Exercise description:
Print each entry again exactly as written, and keep the pictures out.
--- The records ---
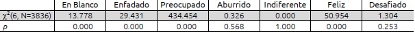Por otra parte, los resultados mostraron que existe relación entre el género de los estudiantes y las emociones que indican, X2(6, N=3836)=124.96, p<0.001. Se encontraron diferencias significativas en las respuestas en blanco y las opciones Enfadado, Preocupado y Feliz. El porcentaje de veces que se eligió Enfadado (1.6%) no permite interpretar este resultado para esta emoción. En el resto, los hombres presentaron mayor promedio de respuestas en blanco que las mujeres (M=0.44, SD=0.29 y M=0.39, SD=0.24, respectivamente) y se mostraron menos preocupados (M=0.01, SD=0.03 y M=0.07, SD=0.09, respectivamente). En la opción Feliz, los promedios son iguales (M=0.31), con SD=0.24 y SD=0.28 en el caso de las mujeres y los hombres. Esta información complementa los resultados de investigaciones realizadas en Alemania y Finlandia (Frenzel et al., 2007a; Holm et al., 2016), donde las mujeres mostraron mayor ansiedad, desesperanza y vergüenza que los hombres y un menor disfrute de la disciplina.
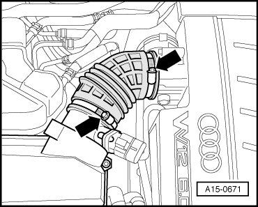 - Remove air guide hose between Mass Air Flow (MAF) Sensor (G70) and Throttle Valve Control Module (J338) by loosening hose clamps - arrows -.
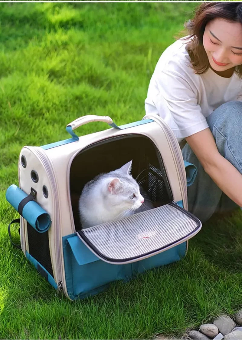 SAC À DOS BLEU PLIABLE ET VENTILÉ POUR CHAT
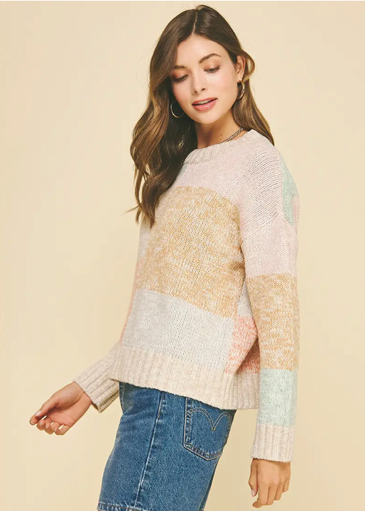 Layer up in effortless style with this colorblock crew neck sweater. The bold color blocking adds visual interest while the soft, comfortable knit keeps you cozy through every season. Long sleeves provide warmth without bulk, making it perfect for layering or wearing solo. A timeless piece that transitions seamlessly from casual weekends to relaxed workdays.
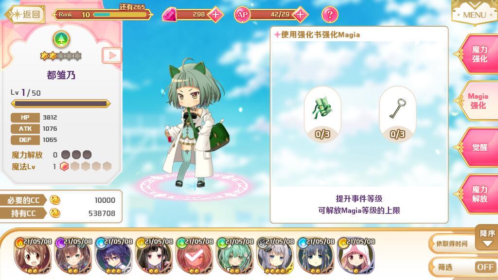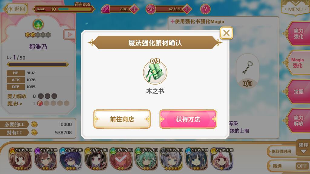 宝石可以快速的为魔法少女提供大量经验值,魔法少女的等级也会随之快速提高。第二个步骤主要是强化魔法少女的技能,点击Magia强化直接可以进入到相关页面,随后玩家们准备好光之书即可。
---
Exercise answer:
Por otra parte, los resultados mostraron que existe relación entre el género de los estudiantes y las emociones que indican, X2(6, N=3836)=124.96, p<0.001. Se encontraron diferencias significativas en las respuestas en blanco y las opciones Enfadado, Preocupado y Feliz. El porcentaje de veces que se eligió Enfadado (1.6%) no permite interpretar este resultado para esta emoción. En el resto, los hombres presentaron mayor promedio de respuestas en blanco que las mujeres (M=0.44, SD=0.29 y M=0.39, SD=0.24, respectivamente) y se mostraron menos preocupados (M=0.01, SD=0.03 y M=0.07, SD=0.09, respectivamente). En la opción Feliz, los promedios son iguales (M=0.31), con SD=0.24 y SD=0.28 en el caso de las mujeres y los hombres. Esta información complementa los resultados de investigaciones realizadas en Alemania y Finlandia (Frenzel et al., 2007a; Holm et al., 2016), donde las mujeres mostraron mayor ansiedad, desesperanza y vergüenza que los hombres y un menor disfrute de la disciplina.
 - Remove air guide hose between Mass Air Flow (MAF) Sensor (G70) and Throttle Valve Control Module (J338) by loosening hose clamps - arrows -.
 SAC À DOS BLEU PLIABLE ET VENTILÉ POUR CHAT
 Layer up in effortless style with this colorblock crew neck sweater. The bold color blocking adds visual interest while the soft, comfortable knit keeps you cozy through every season. Long sleeves provide warmth without bulk, making it perfect for layering or wearing solo. A timeless piece that transitions seamlessly from casual weekends to relaxed workdays.
 宝石可以快速的为魔法少女提供大量经验值,魔法少女的等级也会随之快速提高。第二个步骤主要是强化魔法少女的技能,点击Magia强化直接可以进入到相关页面,随后玩家们准备好光之书即可。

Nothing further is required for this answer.